Infoworks XML connector allows the user to load the XML from Local Machine, ADLS, S3, Google cloud storage, Dropbox, SFTP etc. To demonstrate, we should how to load the XML data from ADLS/S3.
1. JDBC connection string:
For ADLS, the jdbc connection string can look as the following:
jdbc:xml:DataModel=Relational;URI=abfss://
Here the DataModel parameter can take three values: Relational, FlattenedDocuments, Document. One can read more about each model here http://cdn.cdata.com/help/DVF/jdbc/RSBXML_p_DataModel.htm and can choose based on the use case. The URI is to get the location of the XML files. For ADLS, you use the format mentioned in the above example. If you want to load multiple XML files with in a sub folder then one can set the URI as URI=abfss://
For s3, the jdbc connection string can be set as the following:
jdbc:cdata:xml:DataModel=Relational;URI=s3://iw-support/tables/*.xml;AWSAccessKey=####;AWSSecretKey=$$$;AWS Region=xxx;
2. Username, Password and Source Schema:
One can the below the values for username, password and Source schema:
Username=*
Password=*
Source Schema=XML
3. Connection Parameters:
key=RowScanDepth
This determines the number of rows that will be scanned by Infoworks to determine the datatype of the columns.
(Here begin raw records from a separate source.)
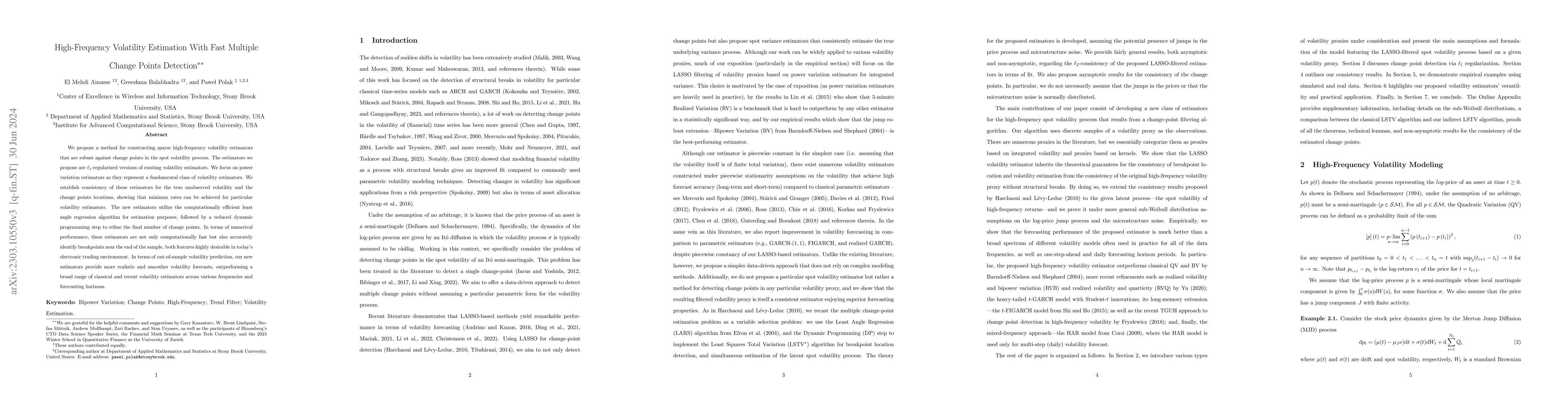 This paper introduces $\ell_1$-regularized high-frequency volatility estimators that are robust to volatility change points, employing computationally efficient least angle regression and dynamic programming for accurate detection and refined change points. These new estimators outperform existing methods in both computational speed and out-of-sample volatility forecasting.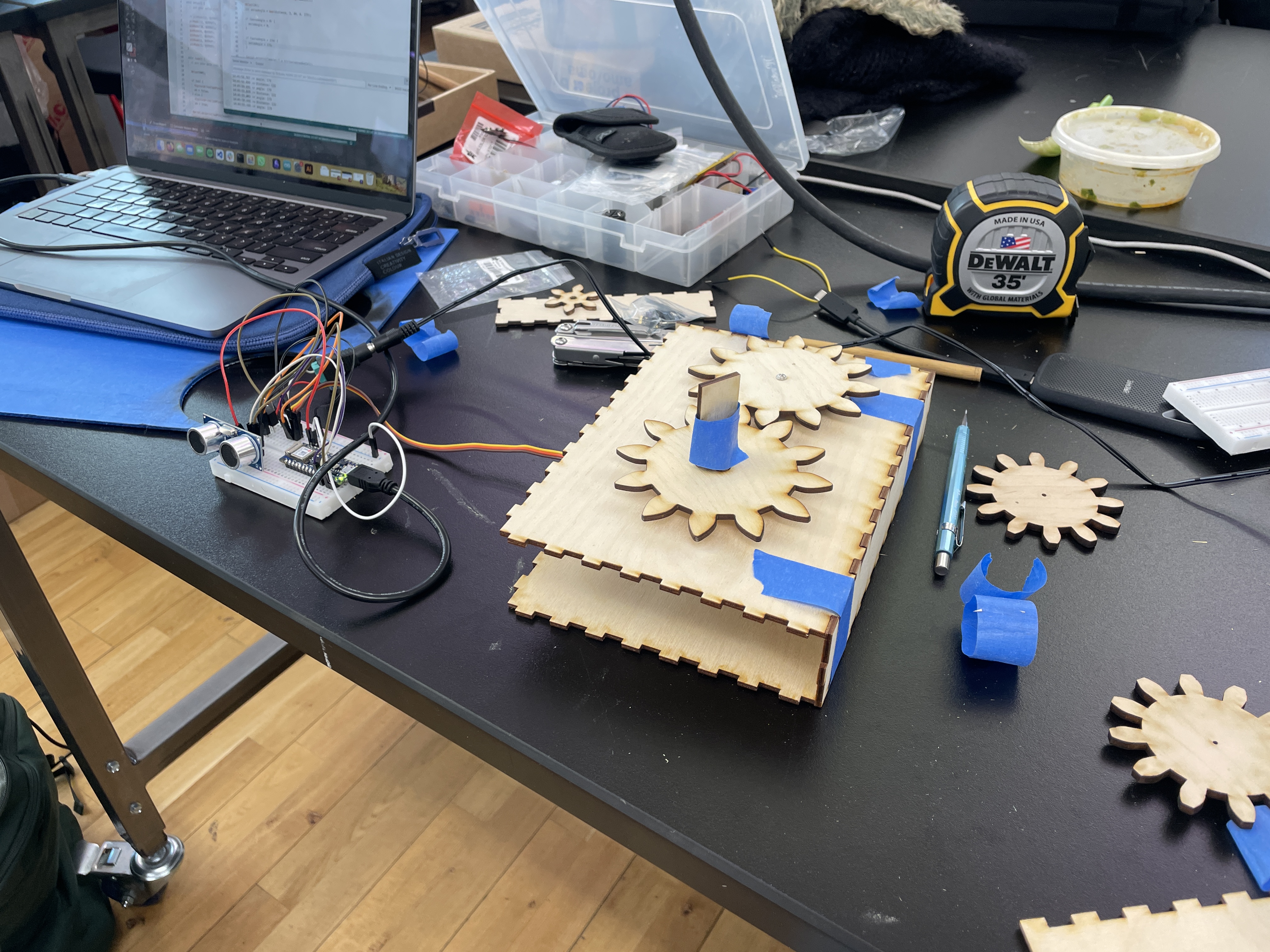 With the circuit made, I pivoted to creating a prototype mechanism to test how the servo could rotate a gear. Using scrap material by the laster cutters I found enough material to make a box and two gears. The box's height was fit to the servo so the gear could be as close to the ground as possible. Another gear was mounted to a dowel which was cut to the same height as the servo so both gears could be aligned. Since I used scrap wood, the plywood was slightly warped so the gear's teeth did not alsoway fit perfectly. Though I was surprised to see the system actually work.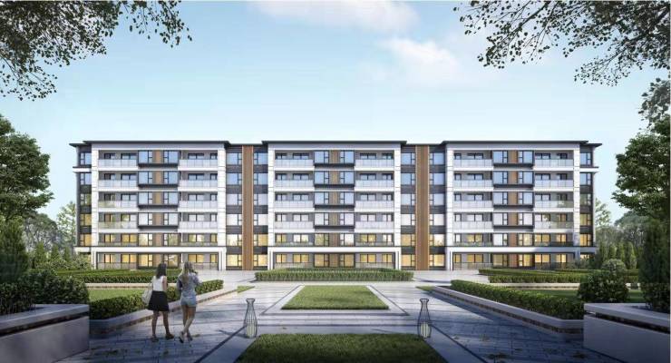 外立面:采用石材与真石漆相搭配,米白结合深灰色局部点缀香槟金,彰显高端品质
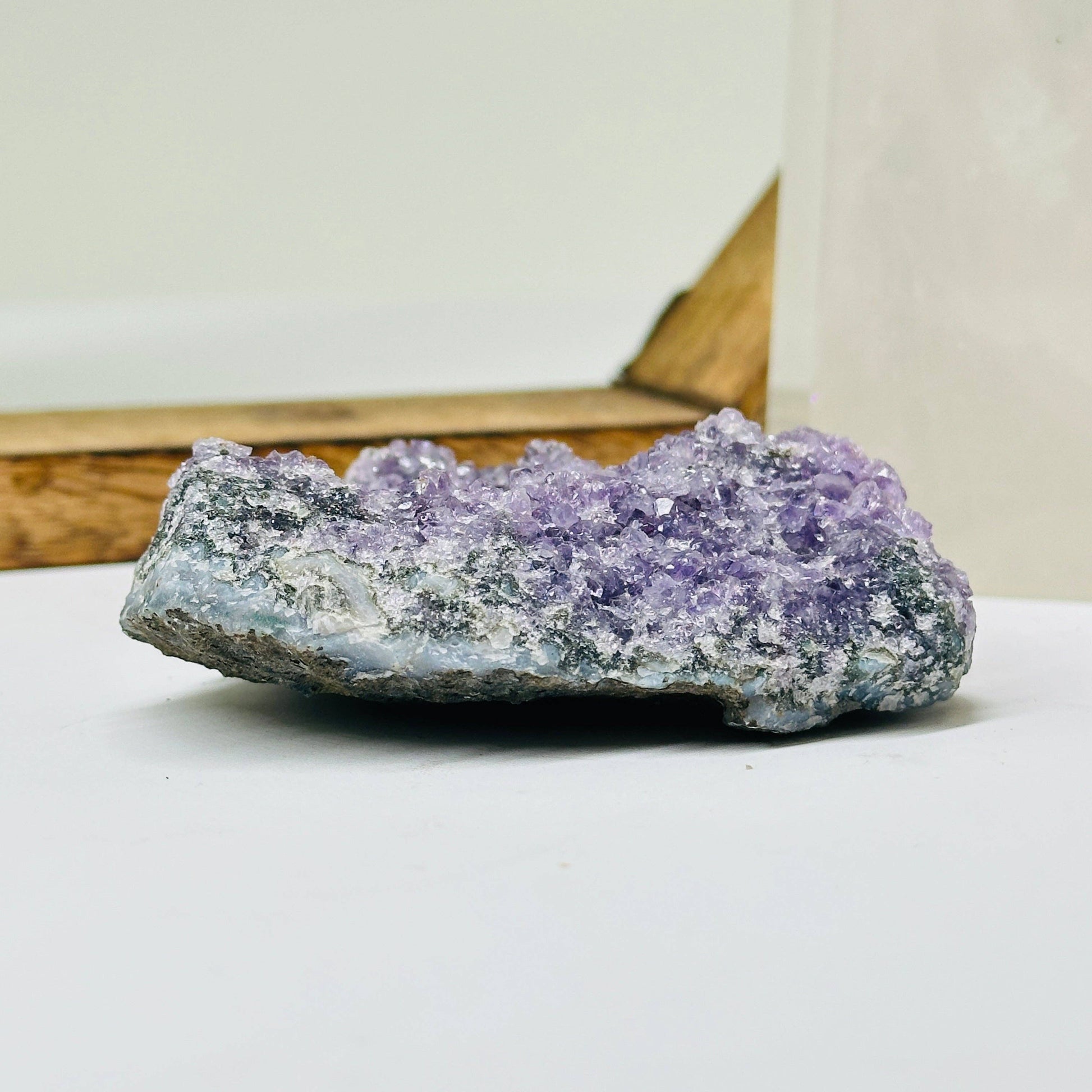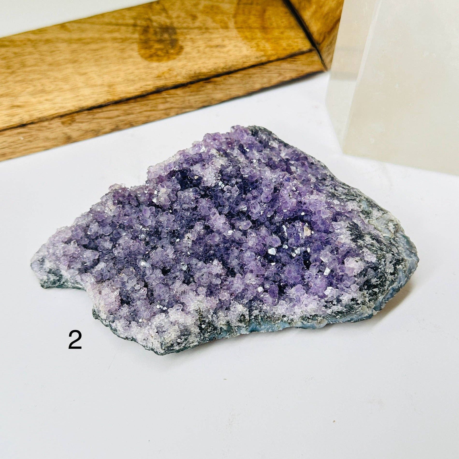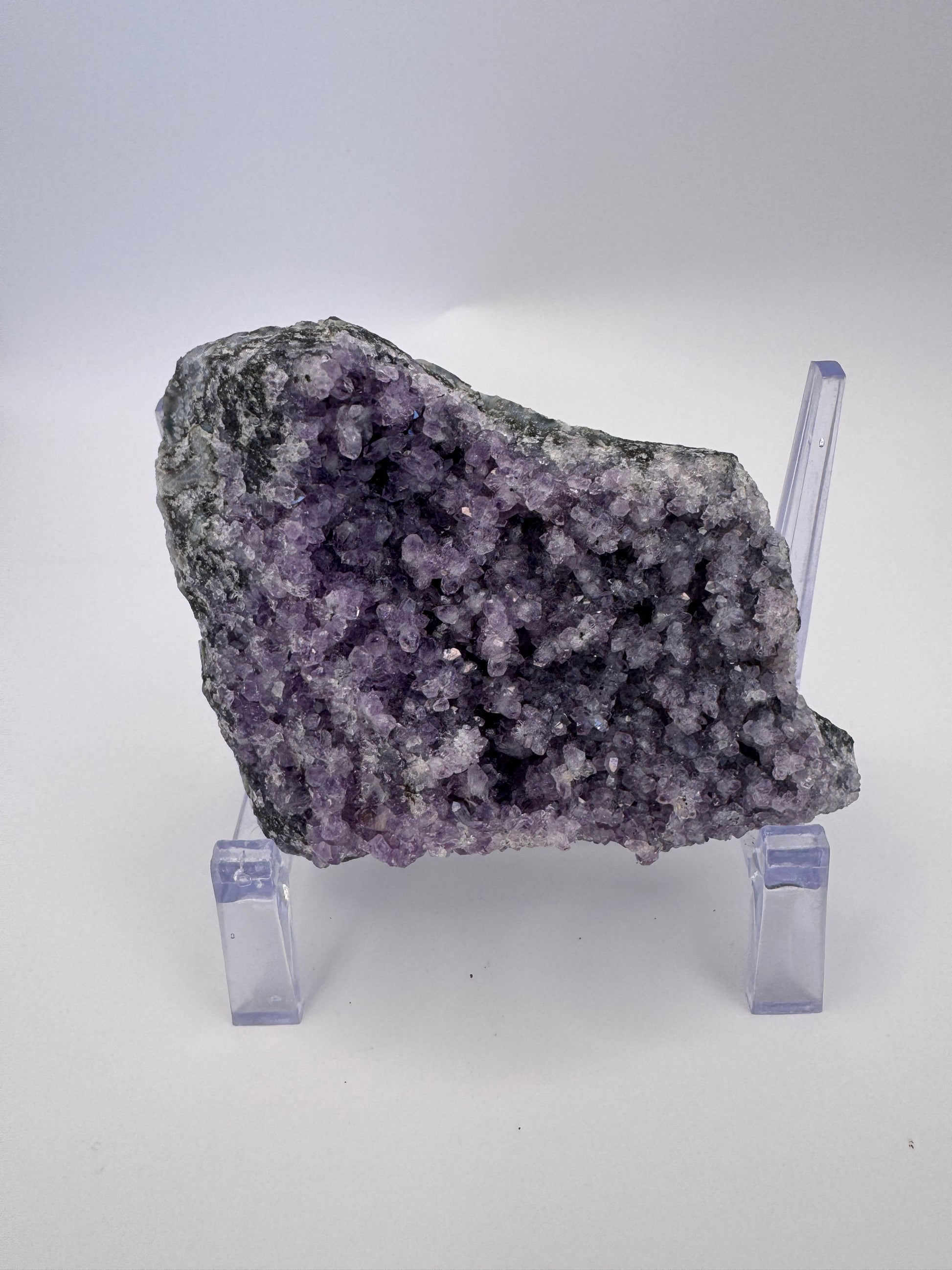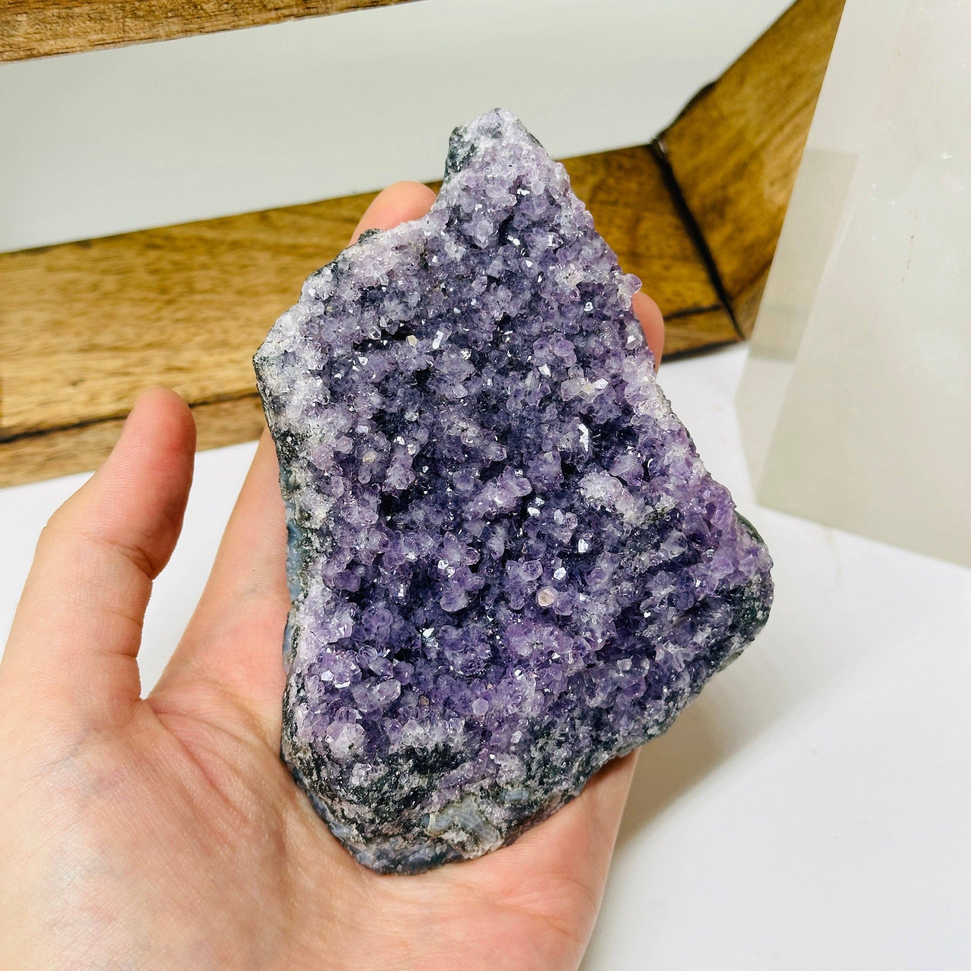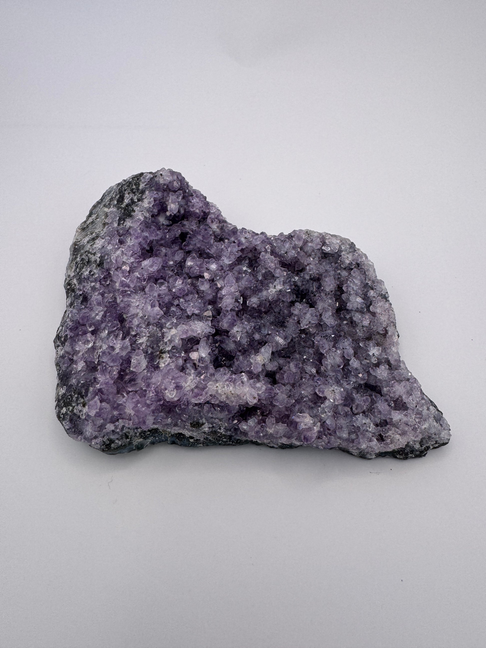 Listing is for ONE (1) Amethyst Crystal Cluster One of a Kind Brighten up your room with this unique amethyst This amethyst crystal cluster will capture everyone's attention. The crystal can help bring positive energy into any room while also being a beautiful decoration. Amethyst: Amethyst's calming properties aid in meditation and emotional stability, enhancing spiritual awareness and intuition for a deeper connection to the self. Why you will love our Amethyst Crystal Cluster: * Beautiful Design: The crystal is striking and unique, capable of catching anyone's attention. * Positive Energy: Amethyst is believed to be a calming stone that can bring positivity and stability to the owner's life. You will receive this exact specimen. Approx 3.75 by 3.25

The default value is 100. If set to 0, it will scan all the data.
Key=TypeDetectionScheme
This determines how to set the datatypes of the columns. By default, it does the row scan. If set to "None", all the columns will be returned with String datatype.
Key=XPath
If you need specific table created from Infoworks metadata crawl the use set the XPath
For example:
<root> <child> <subchild>.....</subchild> <subchild2>.....</subchild2> <subchild3>.....</subchild3> </child> </root>
If you requrie three tables for nested documents subchild, subchild2, subchild3
You can set XPath=/root/child/subchild/;/root/child/subchild3/;/root/child/subchild3/;
Applicable versions: 4.x